Miles&Smiles üyesi Elite kart sahipleri ve Business Class yolcuları üye havayollarının ayrıcalıklı hizmetlerinden yararlanabiliyor. Halihazırda 50ye yakın havayolu ile ortak uçuş anlaşması bulunan THY bunların çoğunu Star Alliance ortakları ile gerçekleşiyor. Bunula birlikte 22 tanesi herhangi bir ittifaka üye olmayan havayolları, 2 SkyTeam üyesi (Middle East Airlines ve Air Europa) ve bir oneworld üyesi (Royal Jordanian) ile de pekala işbirliği yapmakta. THY’nin bu yazıda değindiğimiz türde bir Ortak Girişimi bulunmuyor. 

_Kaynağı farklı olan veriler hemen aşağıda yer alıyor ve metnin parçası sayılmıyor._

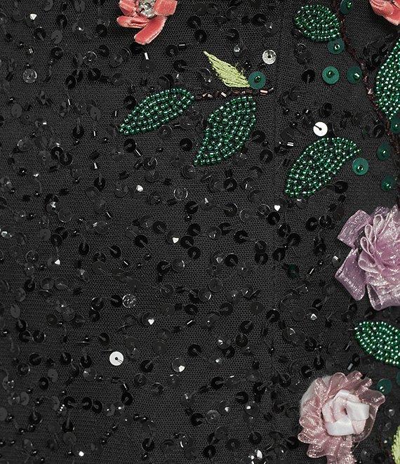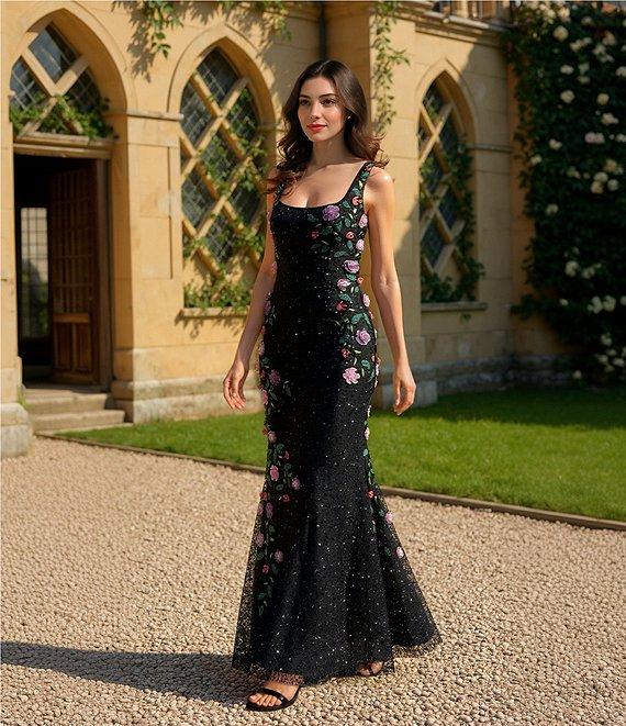 Mac Duggal Embellished Mesh Square Neck Sleeveless 3D Flower Gown

Belki sivil havacılık anlaşmaları gereği frekans sayısı kısıtlı olan Çin ve Hindistan pazarları için gündeme gelebilir ama bununla ilgili de bir duyumumuz yok. Çinli şirketlerin Türk ekonomisine ilgisi ve yatırımları giderek artarken Star Alliance üyesi Air China ile Türkiye – Çin hatlarında bir OG veya daha ötesi bir iş birliği neden olmasın?

Ya da Qatar Airways pek çok havayolunda yaptığı gibi bir %5 de THY’den alırsa ne olur? Fakat gördüğümüz kadarıyla THY daha çok SunExpress veya 2018’de kurulan Air Albania – Arnavutluk Havayolları gibi bildiğimiz türde ortaklıkları tercih ediyor. Bunları şirketin çok önem verdiği Afrika kıtasında kurulacak yeni yerel havayolları izleyebilir. Bu yazının konusu olan Ortak Girişimler özelinde bakarsak, ben ilk olasılık olarak THY’nin yeni açılacak Newark, NJ hattında bir başka Star Alliance üyesi United Airlines ile yapılabilecek bir OG görüyorum. Hatırlarsanız United geçtiğimiz yıllarda Newark-Istanbul hattını denemiş ama başarılı olamamıştı. Kazan-kazan bir durum olabilir.